I’m writing this post on the heels of what I wrote older this week, well-nigh the challenges of setting goals. I don’t know how, but in the last few years I’ve wilt fascinated with the concept of goal-setting. It might be the aspirational speciality of it, of self-improvement and wanting to get better. It could be that I enjoy the uplift of serotonin I get when I succeed that goal (however big or small). But I think what outranks all of that is how my goals remind me of who I am and who I want to be.
When it comes to my mental wellness, one of the most important things I can do is remind myself that I’m a person. I’m a living, breathing, doing-things-and-living-life person. Life has a way of remembering for us but I fathom the worthiness to remind myself, too. The reason this is so important to me is considering in the doldrums of every-day life, it can be easy to forget.
Our uniqueness can be lost or forgotten not only by others, but moreover ourselves. There are many ways I could describe who I am and what I’m well-nigh but whilom all, I’m a person. Not only that, but I am unique. I’m unique in my personality, in my likes and dislikes, in what I’m passionate well-nigh and what I segregate to do. And that matters.

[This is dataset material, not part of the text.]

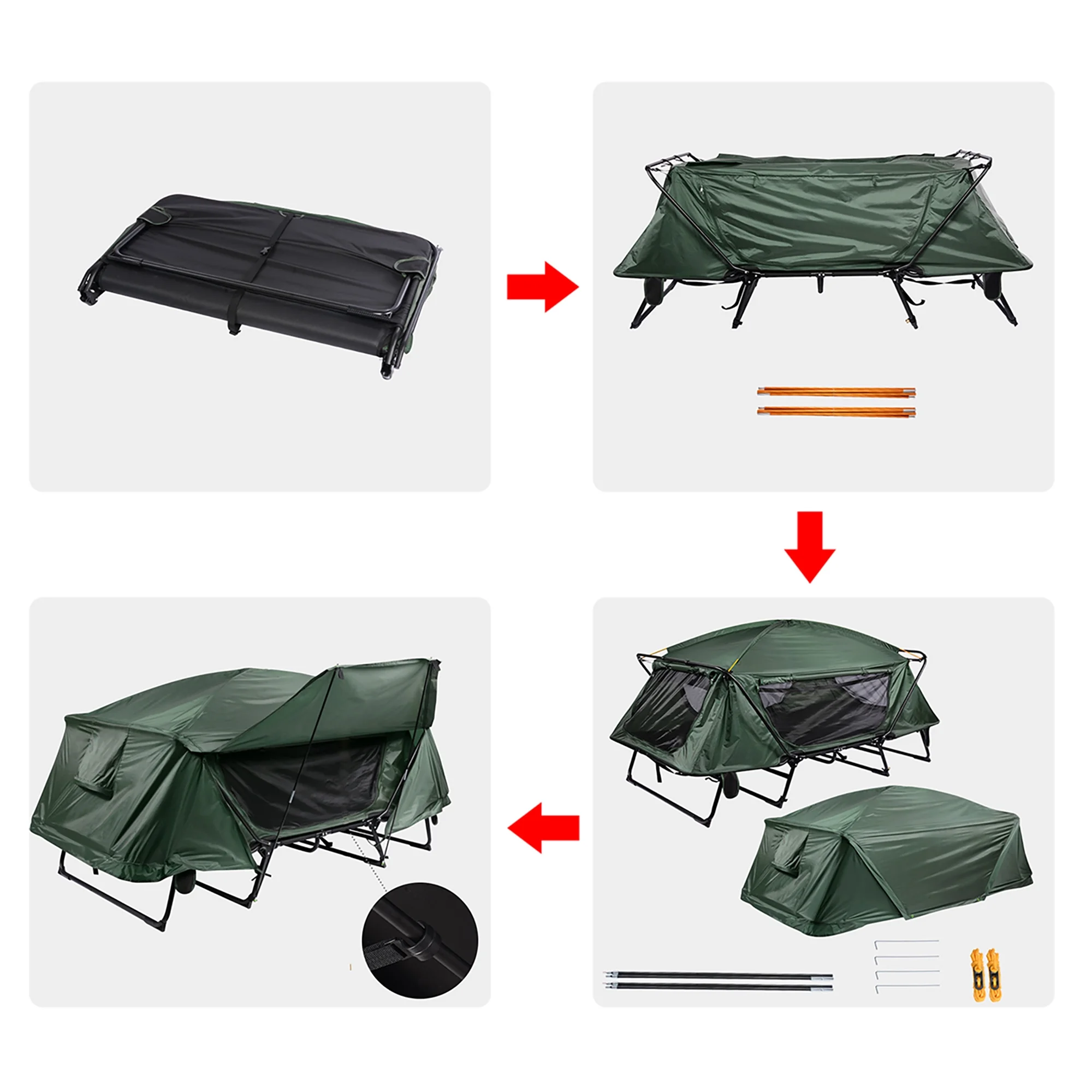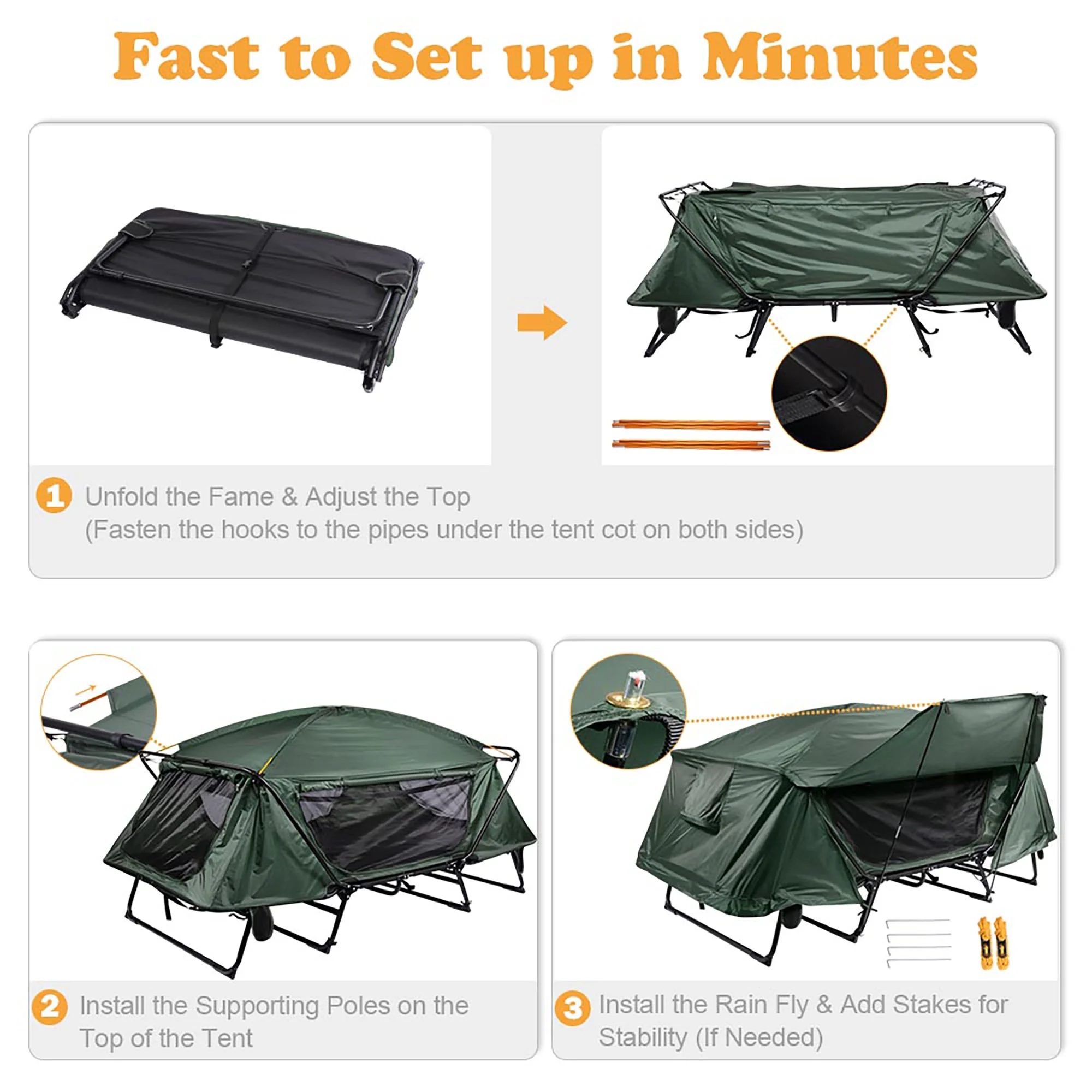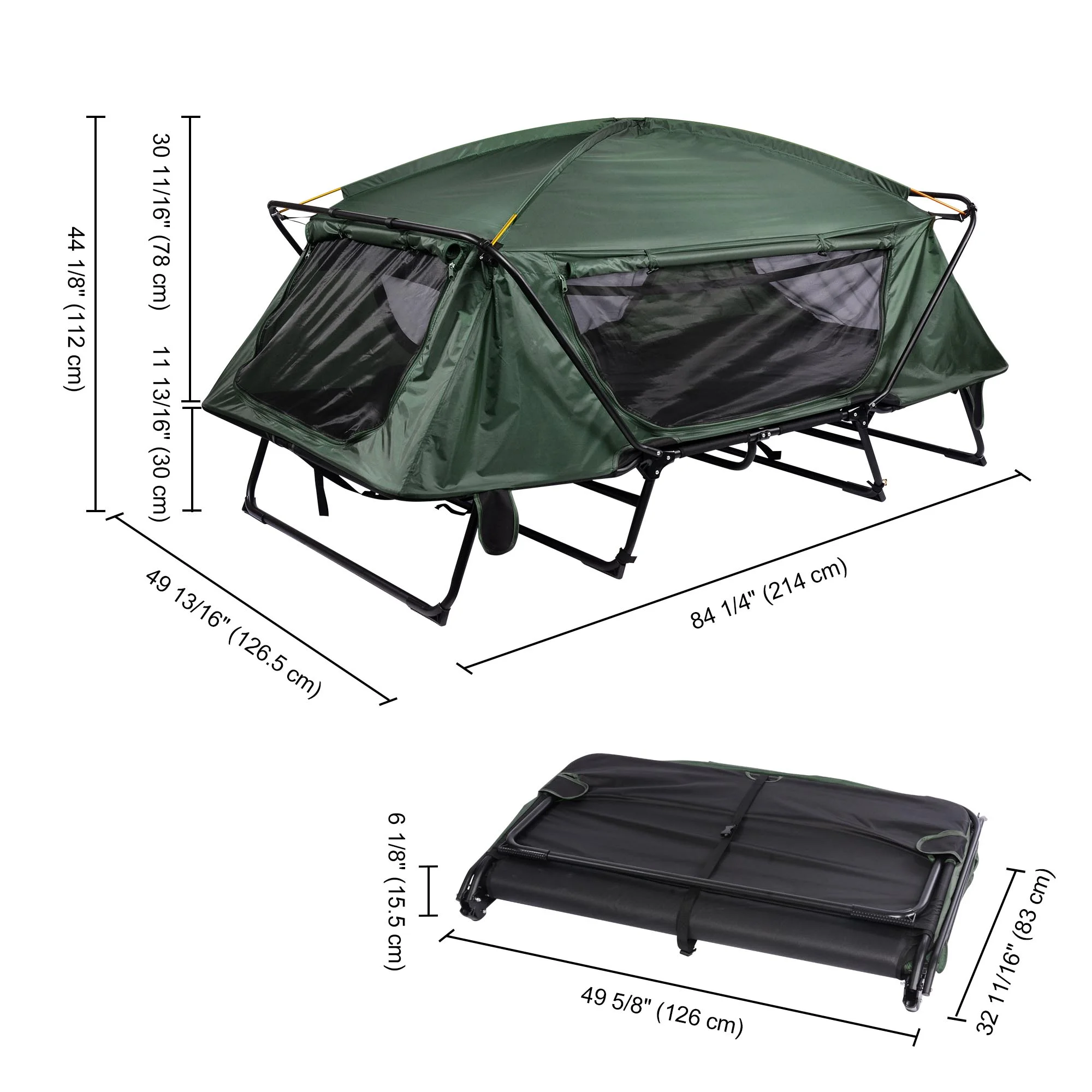 Yescom Double Tent Cot Folding Portable Waterproof Camping Hiking Bed for 2 Person, Green with Rain Fly Bag

This uniqueness moreover ways that my goals are unique. The things I want to accomplish, the goals I want to set and meet are unique to who I am and what my life is like right now. My goals don’t have to be realistic for anyone else except who I am, in this moment. And just like other habits and techniques for my mental health, these goals can change.
I know I can sound like a wrenched record at times, but that’s for a good reason. For many people, mental health is a rencontre we squatter every single day. We squatter a rencontre of getting out of bed in the morning. We squatter a rencontre of choosing to engage with the world, plane when we don’t know if we’re up to it. We squatter a rencontre of supporting when our mental health is in a bad place, and when we need help.
All day long, people squatter challenges that they can either engage with and ignore. For people experiencing mental illness, the luxury to ignore isn’t unchangingly possible. There’s a endangerment that I succeed my goals for today. That I can do everything I set out to do despite the ways my mental health might rencontre me. But in the same way, there’s an equal endangerment that those challenges will exist then tomorrow. That’s why I lean on who I am. I lean on the person I want to be, and the person I am now. Mental illness can depersonalize us, it can make us not finger real. But I am, you are, we are, and we’ll protract lanugo this road together.